On 4/7/22 22:20, Coelho, Luciano wrote:
> On Thu, 2022-04-07 at 12:50 -0700, Guenter Roeck wrote:
>> Hi,
>>
>> On 4/6/22 08:34, Guenter Roeck wrote:
>>> In Chrome OS, a large number of crashes is observed due to corrupted timer
>>> lists. Steven Rostedt pointed out that this usually happens when a timer
>>> is freed while still active, and that the problem is often triggered
>>> by code calling del_timer() instead of del_timer_sync() just before
>>> freeing.
>>>
>>> Steven also identified the iwlwifi driver as one of the possible culprits
>>> since it does exactly that.
>>>
>>> Reported-by: Steven Rostedt <[email protected]>
>>> Cc: Steven Rostedt <[email protected]>
>>> Cc: Shahar S Matityahu <[email protected]>
>>> Cc: Johannes Berg <[email protected]>
>>> Fixes: 60e8abd9d3e91 ("iwlwifi: dbg_ini: add periodic trigger new API support")
>>> Signed-off-by: Guenter Roeck <[email protected]>
>>> ---
>>> RFC:
>>> Maybe there was a reason to use del_timer() instead of del_timer_sync().

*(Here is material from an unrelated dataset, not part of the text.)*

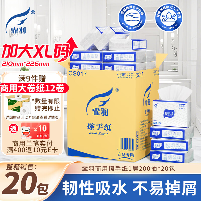 霏羽擦手纸商用1层200抽*20包加厚加大檫手纸厨房用纸抽纸吸水纸CS017

>>> Also, I am not sure if the change is sufficient since I don't see any
>>> obvious locking that would prevent timers from being added and then
>>> modified in iwl_dbg_tlv_set_periodic_trigs() while being removed in
>>> iwl_dbg_tlv_del_timers().
>>>
>>
>> I prepared a new version of this patch, introducing a mutex to protect changes
>> to periodic_trig_list. I'd like to get some feedback before sending it out,
>> though, so I'll wait until next week before sending it.
>>
>> If you have any feedback/thoughts/comments, please let me know.
>
> Hi Guenter,
>
> Thanks for your proposal!
>
> I recently moved from the Intel WiFi team to the Graphics team, so I'm
> adding Gregory, who has taken over my duties, to the discussion.
>
> I don't recall any specific reasons for using del_timer() instead of
> del_timer_sync() here. So your patch does look correct to me.
>

Thanks a lot for the feedback. I spent some time trying to determine
if a mutex to protect the periodic timer list is needed, but concluded
that it is not necessary because the code adding the timer list and
the code removing it are never executed in parallel. Of course,
I may be missing something, so I'd be happy to be corrected.

Thanks,
Guenter